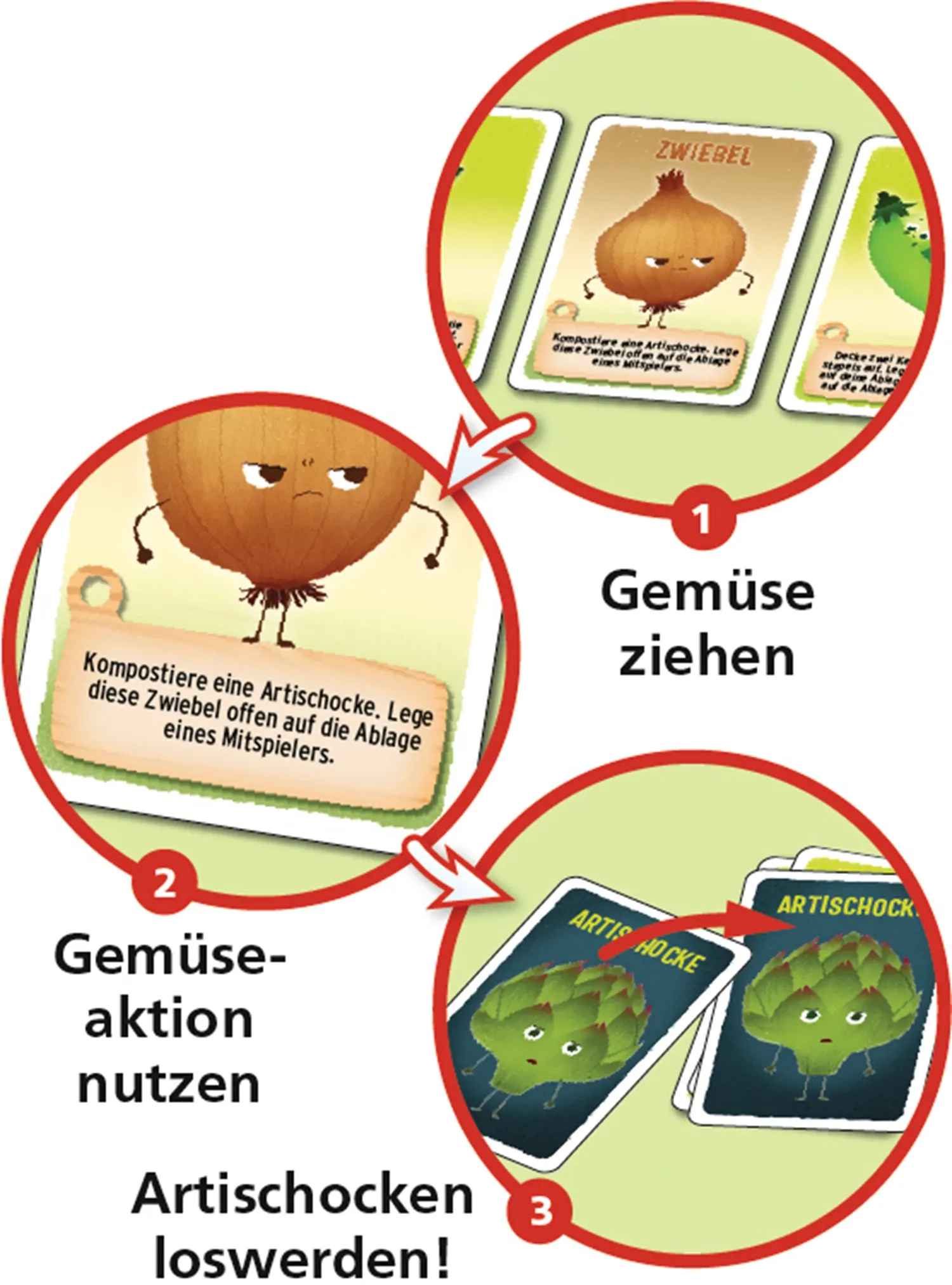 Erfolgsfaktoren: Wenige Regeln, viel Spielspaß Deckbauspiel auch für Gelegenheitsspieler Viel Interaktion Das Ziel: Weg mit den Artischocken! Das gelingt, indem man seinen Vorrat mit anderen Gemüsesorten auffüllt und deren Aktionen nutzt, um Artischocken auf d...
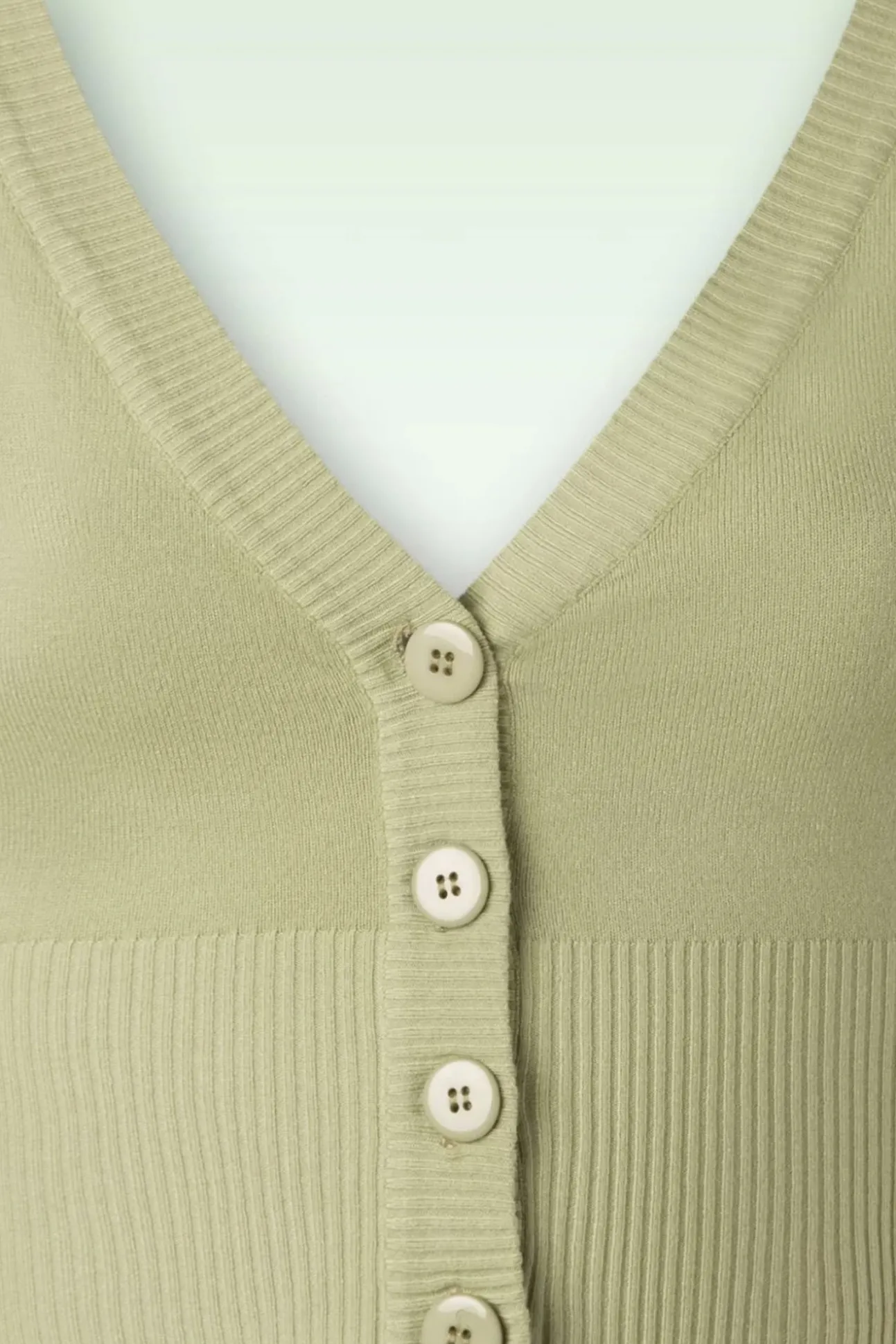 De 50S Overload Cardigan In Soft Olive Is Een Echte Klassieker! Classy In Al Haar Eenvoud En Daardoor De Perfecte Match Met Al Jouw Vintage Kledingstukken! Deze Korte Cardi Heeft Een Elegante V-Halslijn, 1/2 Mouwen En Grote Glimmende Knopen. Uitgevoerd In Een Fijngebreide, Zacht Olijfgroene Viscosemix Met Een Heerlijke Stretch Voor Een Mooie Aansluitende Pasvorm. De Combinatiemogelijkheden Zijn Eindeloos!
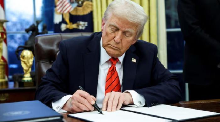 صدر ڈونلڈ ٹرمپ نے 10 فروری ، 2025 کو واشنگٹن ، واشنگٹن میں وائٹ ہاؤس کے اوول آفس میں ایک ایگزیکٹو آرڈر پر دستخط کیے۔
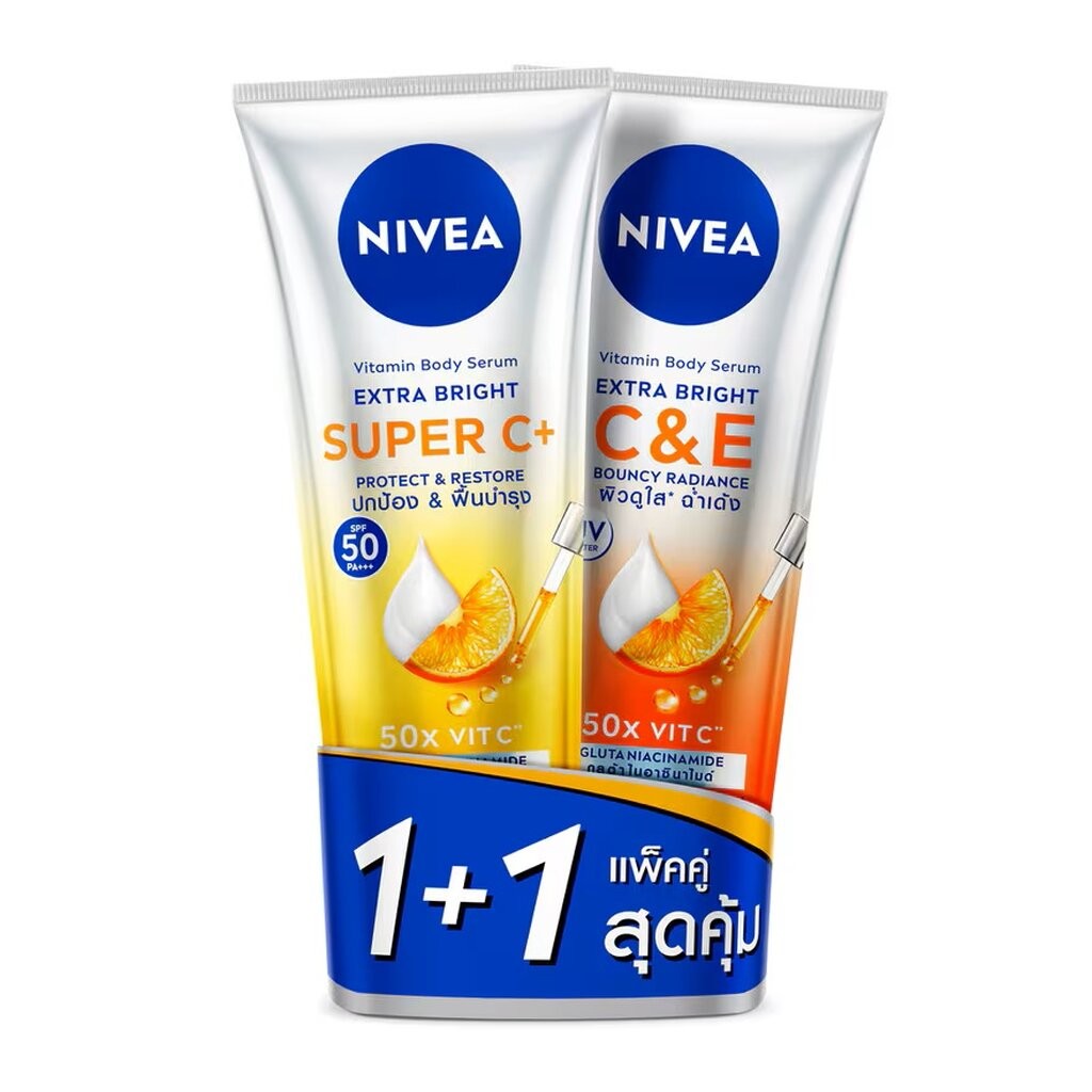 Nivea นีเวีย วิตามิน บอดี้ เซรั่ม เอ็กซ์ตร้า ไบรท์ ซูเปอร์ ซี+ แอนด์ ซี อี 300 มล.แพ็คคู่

________________

▶ **WHAT TO DO**
When you repeat the lines above, keep them exact and leave out each image they contain.

▶ **RESPONSE AREA**
 Erfolgsfaktoren: Wenige Regeln, viel Spielspaß Deckbauspiel auch für Gelegenheitsspieler Viel Interaktion Das Ziel: Weg mit den Artischocken! Das gelingt, indem man seinen Vorrat mit anderen Gemüsesorten auffüllt und deren Aktionen nutzt, um Artischocken auf d...
 De 50S Overload Cardigan In Soft Olive Is Een Echte Klassieker! Classy In Al Haar Eenvoud En Daardoor De Perfecte Match Met Al Jouw Vintage Kledingstukken! Deze Korte Cardi Heeft Een Elegante V-Halslijn, 1/2 Mouwen En Grote Glimmende Knopen. Uitgevoerd In Een Fijngebreide, Zacht Olijfgroene Viscosemix Met Een Heerlijke Stretch Voor Een Mooie Aansluitende Pasvorm. De Combinatiemogelijkheden Zijn Eindeloos!
 صدر ڈونلڈ ٹرمپ نے 10 فروری ، 2025 کو واشنگٹن ، واشنگٹن میں وائٹ ہاؤس کے اوول آفس میں ایک ایگزیکٹو آرڈر پر دستخط کیے۔
 Nivea นีเวีย วิตามิน บอดี้ เซรั่ม เอ็กซ์ตร้า ไบรท์ ซูเปอร์ ซี+ แอนด์ ซี อี 300 มล.แพ็คคู่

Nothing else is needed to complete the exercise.